Types of Meeting Ground Rules or Meeting Principles
There are types of meeting principles, which include procedural and behavioral. Procedural meeting principles may include, put your phone on vibrate, be on time, and end on time. They are useful in setting expectations and enhancing meeting productivity.
Behavioral ground rules that also align with the culture you’re creating is highly useful. A behavioral ground rule or meeting principle may include “when suggesting a solution, explain your reasoning.” You may also want to add, “place off-topic conversations onto a Parking Lot.”
However, you want to check your assumptions about calling someone out on being off topic. There may be a point they are trying to make but automatically directing someone’s comment to the Parking Lot List can create unintended consequences if the person directing them to the Parking Lot is not checking their assumptions.
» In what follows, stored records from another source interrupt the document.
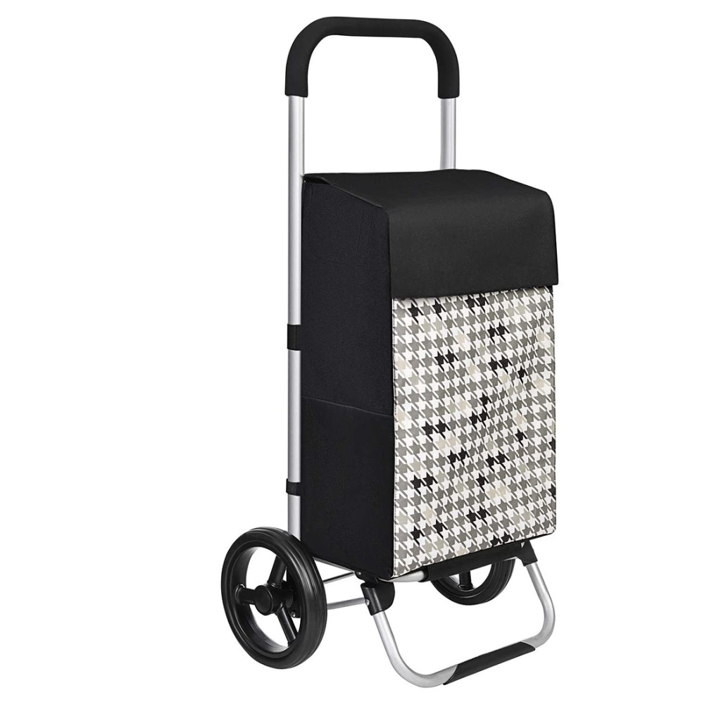 Gurulós bevásárlókocsi, 40L, levehető hátizsákkal, pepita mintás és fekete
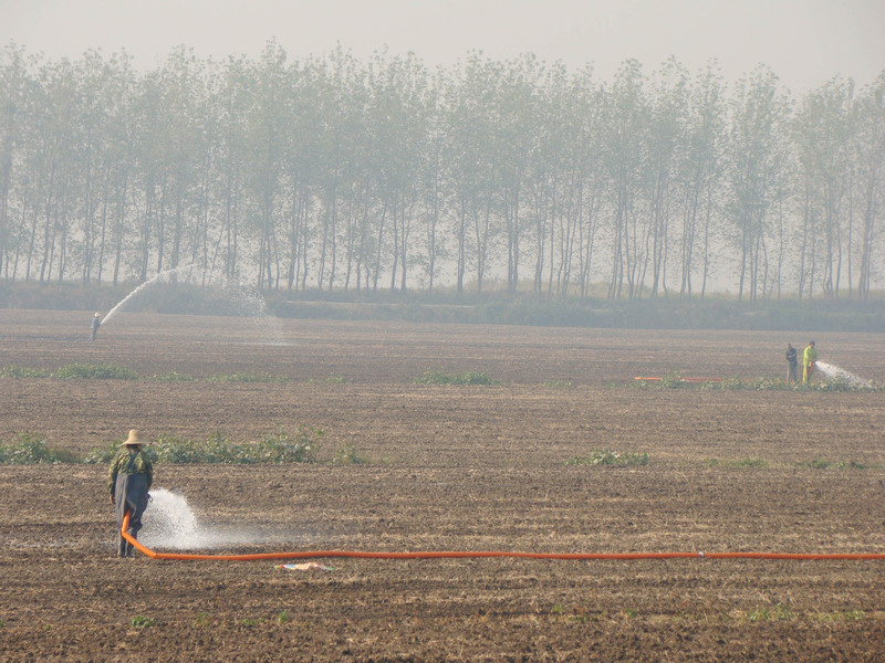 为确保一播全苗,全场职工不等不靠,以人定胜天的精神立即转入了抗旱浇水、浇灌出苗的紧张工作。现在,每天凌晨六点钟左右,农场的田地里,便随处可见“人工降雨”的胜景。至发稿时至,全场已浇灌土地9600多亩,预计至16日,全场万余亩土地便可浇灌结束。
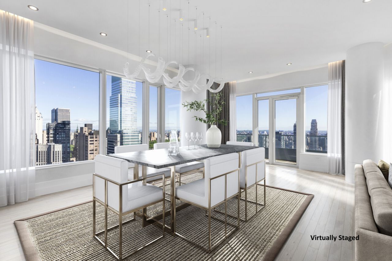 With interiors by Daniel Romualdez, this beautifully appointed 3 bedroom/3.5 bath, 2,621 sq ft home is highlighted by oversized windows offering north and west exposures with expansive city views which include Central Park.
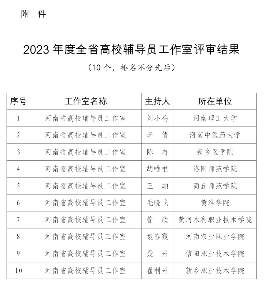 近日,中共河南省委教育工委、河南省教育厅公布《关于2023年度全省高校辅导员工作室评审结果的公示》,我校党委学工部组织申报、天天精品视频免费观看党委副书记王頔主持的项目成功通过评审,获批“河南省高校辅导员工作室”。
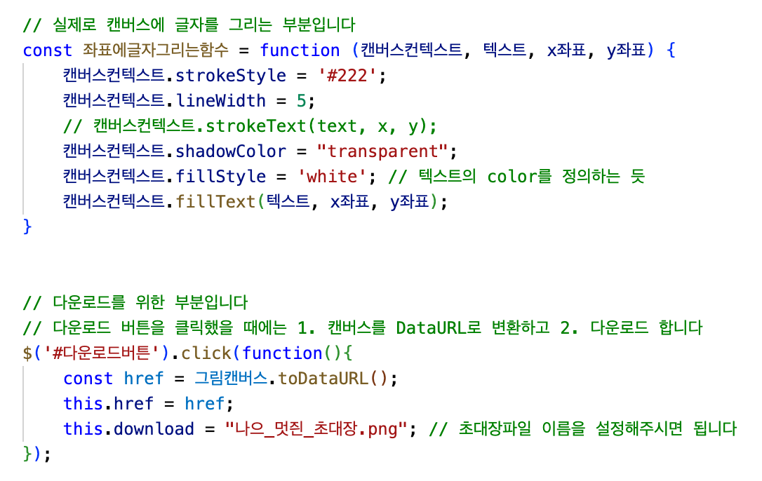 덕분에 템플릿에 텍스트 입력 + 이미지로 다운로드의 주요 기능을 구현할 수 있었다.

The other person who had the idea may, depending on their human wiring, shut down for the remainder of the meeting. As a result, your team may make an unsatisfactory decision because that person’s view was not heard.
If the assumption is first checked, you may learn that the person was thinking systemically and identified a critical issue that other team members hadn’t considered. Simply make a statement followed by a question, like “My assumption is that your idea is off-topic and should be placed on the Parking Lot, however, could you share more on your idea and how it relates to our topic?”
If that person agrees that it’s off topic, the team can decide to discuss it or place it on the Parking Lot List for inclusion on a later agenda. Acknowledging that you’re making an assumption followed by a clarifying question can lead to thoughtful team decisions, insightful communication, and continuous participation from all team members.